* **Source information**
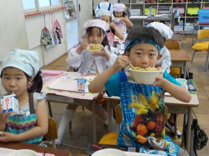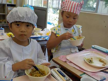 今日のメニューはカレーソースのソフトめんです。カレーの辛さの感じ方はそれぞれのようで、「辛くなーい」「辛くてひりひりする」と口々に言いながらがんばって食べていました。
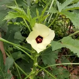 咖啡黄葵 Moench)亦称黄秋葵,是锦葵科一年生草本植物。茎圆柱形,疏生散刺。叶掌状,裂片阔至狭,…
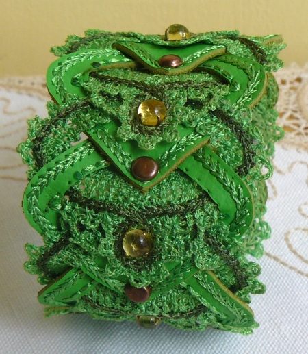 For this bracelet you need to embroider both lace and leather parts. To get a bracelet 8" long embroider the lace 8 times and leather part 7 times.
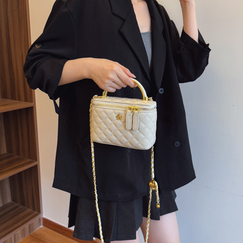 Make a bold fashion statement with this rhombus-pattern chain box bag. Featuring a structured box silhouette and eye-catching geometric design, it delivers a personalized and fashionable look that stands out effortlessly. ✨👜
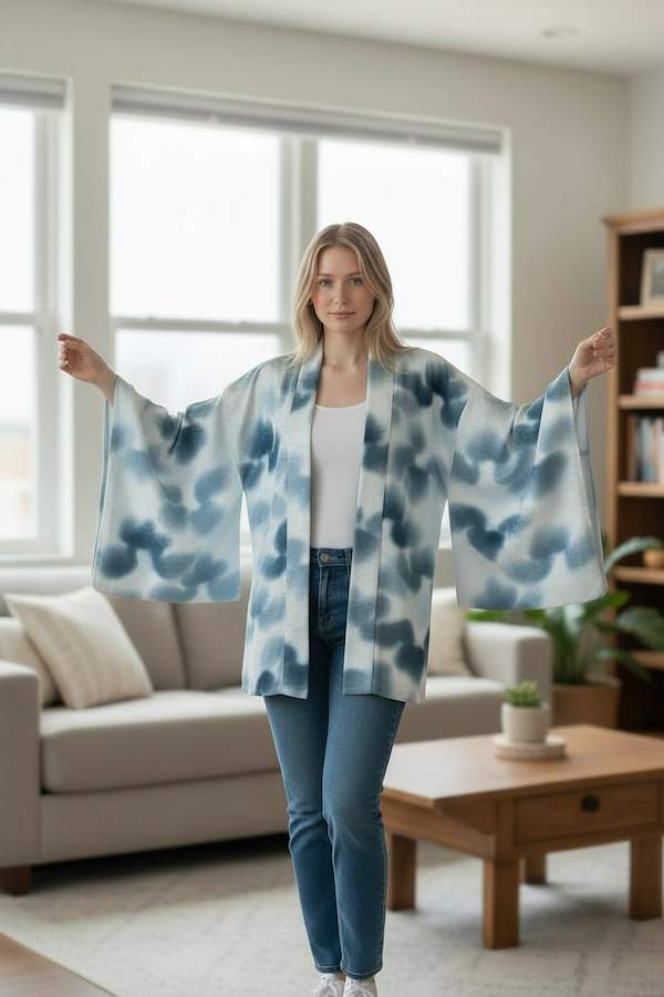 これはヴィンテージの羽織です。こちらは型染めの技法で柄が描かれています。デニムやスカートと合わせてドレスアップも楽しみやすく人気な商品です。
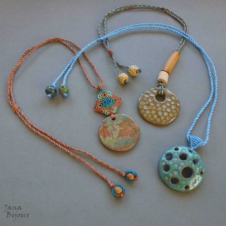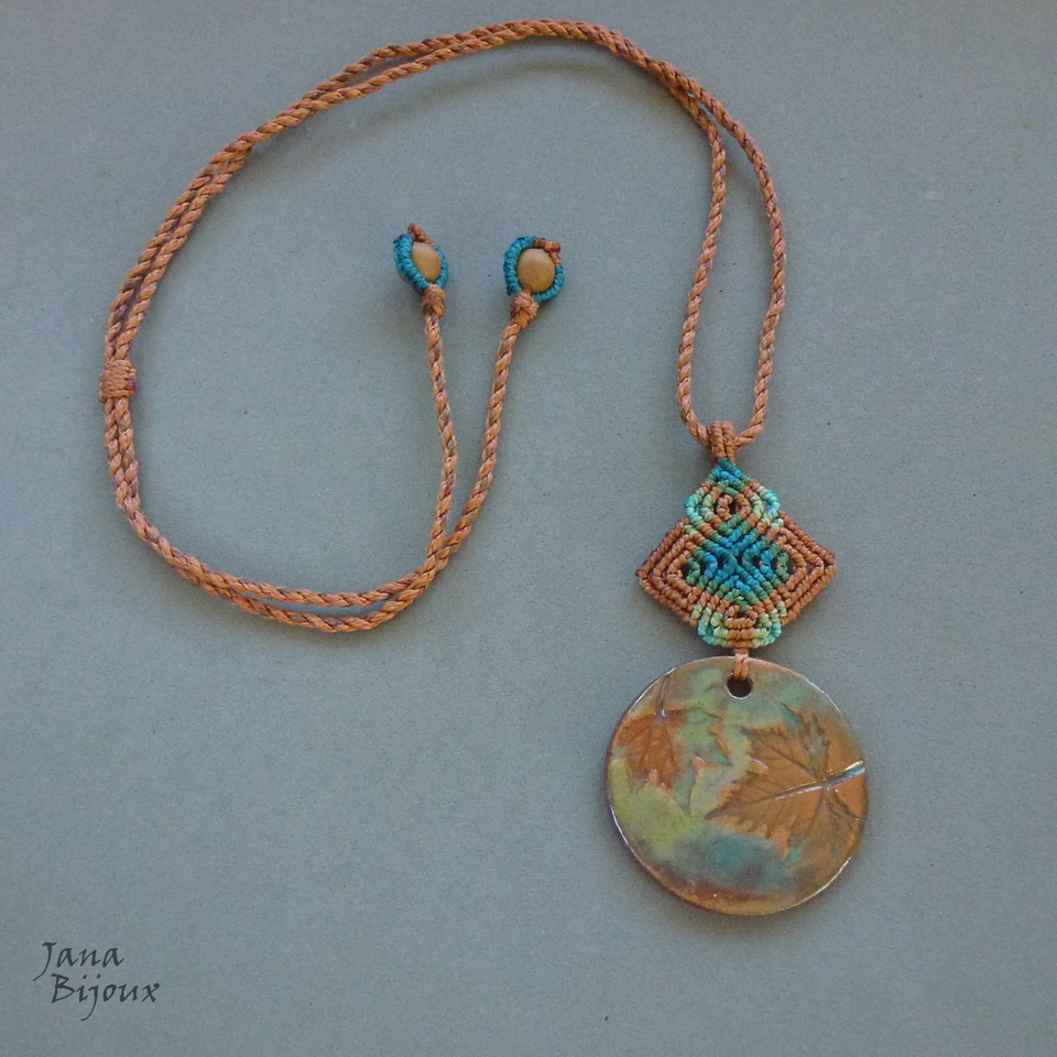 Colar com cerâmica e macramé em 6 cores.
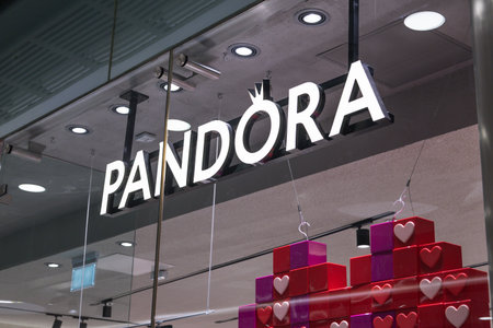 Pandora Jewelry Store Sign with Valentines Day Display. London, UK, 17 February 2024
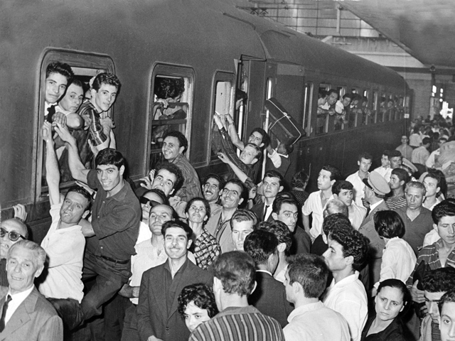 Dal 1951 al 1960 oltre due milioni di persone abbandonano il Mezzogiorno per trasferirsi nelle città del nord o all’estero. Si viaggia a bordo del treno del sole, il simbolo di quei viaggi che hanno unito il nord al sud dell’Italia. Si parte dalla Puglia, dalla Sicilia, dalla Campania, ma anche il settentrione ha i suoi emigranti. Il Sud diventa il serbatoio di manodopera per il triangolo industriale. Gli effetti sono immediati: le campagne si spopolano e le città si riempiono con evidenti problemi di sovraffollamento e insufficienza dei servizi. Si parte con in tasca l’indirizzo di un compaesano che può ospitarti in attesa di trovare un lavoro. Si vive in pensioni, in locande, a volte in soffitte e l’integrazione non è facile. Spesso i “meridionali” sono guardati con diffidenza e ci vorrà del tempo perché l’integrazione avvenga.
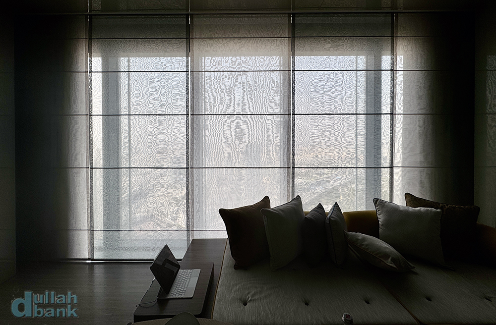 커튼과 속커튼은 전동으로 작동되는데, 암막 커튼은 좌우로 열리고, 속 커튼은 수직으로 내려왔다 올라가는 블라인드 방식인 것이 인상적이었습니다. 암막 상태로 있다가 방에 들어오는 것을 인식한 모션 센서에 의해 두 커튼이 수직과 수평으로 열리는 순간이 왠지 멋지더군요.
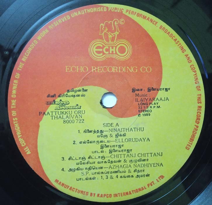 Paattukku Oru Thalaivan Tamil LP Vinyl Record By Ilaiyaraaja
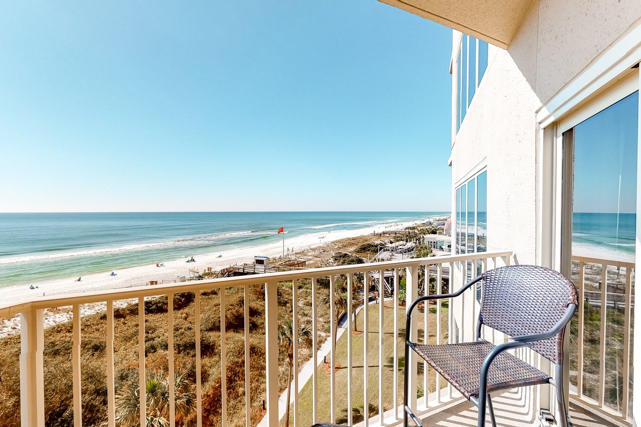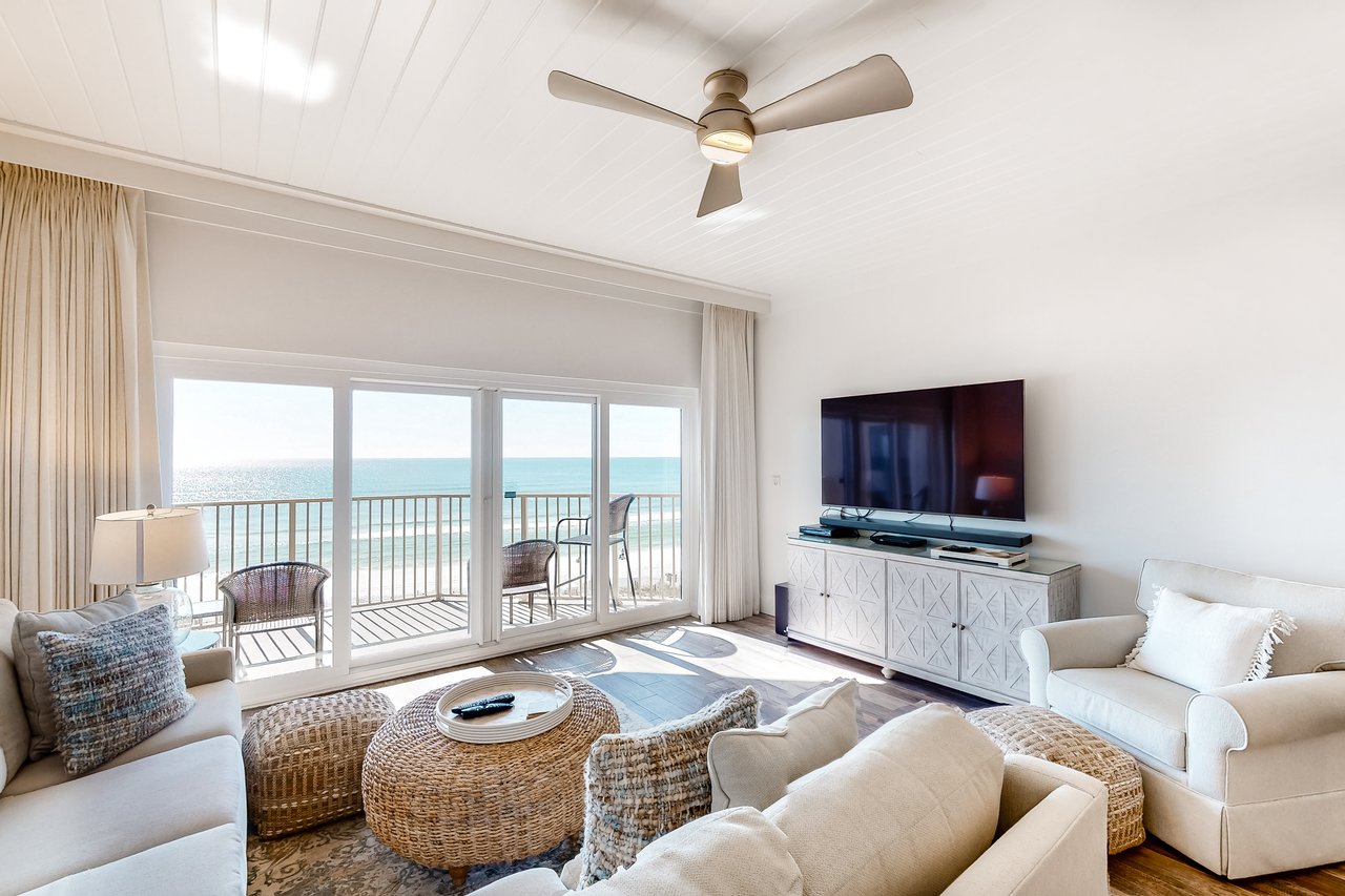 TOPS'L Beach Manor 510 by The Tops'l Lodging Company is a bright 2-bedroom, 2-bath oceanfront condominium offering spectacular Gulf views and an effortless beachfront escape in Miramar Beach. With an open-concept layout and a private balcony overlooking the shoreline, this inviting retreat is perfect for couples, friends, or families looking to relax into the rhythm of the coast. Start your mornings with coffee and ocean breezes, then spend your days enjoying everything TOPS’L has to offer. Inside, the condo feels light, comfortable, and welcoming, ideal for unwinding after time in the sun. The open living space makes it easy to gather together, whether you’re streaming your favorite music, planning the day ahead, or simply settling in for a quiet evening with the sound of the waves in the background. Enjoy access to TOPS’L’s resort-style amenities, including a Gulf-side swimming pool, a hot tub, a sauna, a fitness center, and tennis courts. Giving your stay the perfect balance of relaxation and recreation. When you’re ready to dine with a view, visit Blue Dunes Grill on the ocean viewing deck and enjoy casual coastal flavors in a stunning setting. TOPS'L Beach Manor 510 delivers the perfect blend of comfort, scenery, and resort luxury—your ideal Emerald Coast getaway. Must be 25 years or older to rent.

* **Description of the task**
What you give back must be exactly the lines from the opening line of the entries through the line holding "Pandora Jewelry Store", with no pictures.

* **Result of this task**
 今日のメニューはカレーソースのソフトめんです。カレーの辛さの感じ方はそれぞれのようで、「辛くなーい」「辛くてひりひりする」と口々に言いながらがんばって食べていました。
 咖啡黄葵 Moench)亦称黄秋葵,是锦葵科一年生草本植物。茎圆柱形,疏生散刺。叶掌状,裂片阔至狭,…
 For this bracelet you need to embroider both lace and leather parts. To get a bracelet 8" long embroider the lace 8 times and leather part 7 times.
 Make a bold fashion statement with this rhombus-pattern chain box bag. Featuring a structured box silhouette and eye-catching geometric design, it delivers a personalized and fashionable look that stands out effortlessly. ✨👜
 これはヴィンテージの羽織です。こちらは型染めの技法で柄が描かれています。デニムやスカートと合わせてドレスアップも楽しみやすく人気な商品です。
 Colar com cerâmica e macramé em 6 cores.
 Pandora Jewelry Store Sign with Valentines Day Display. London, UK, 17 February 2024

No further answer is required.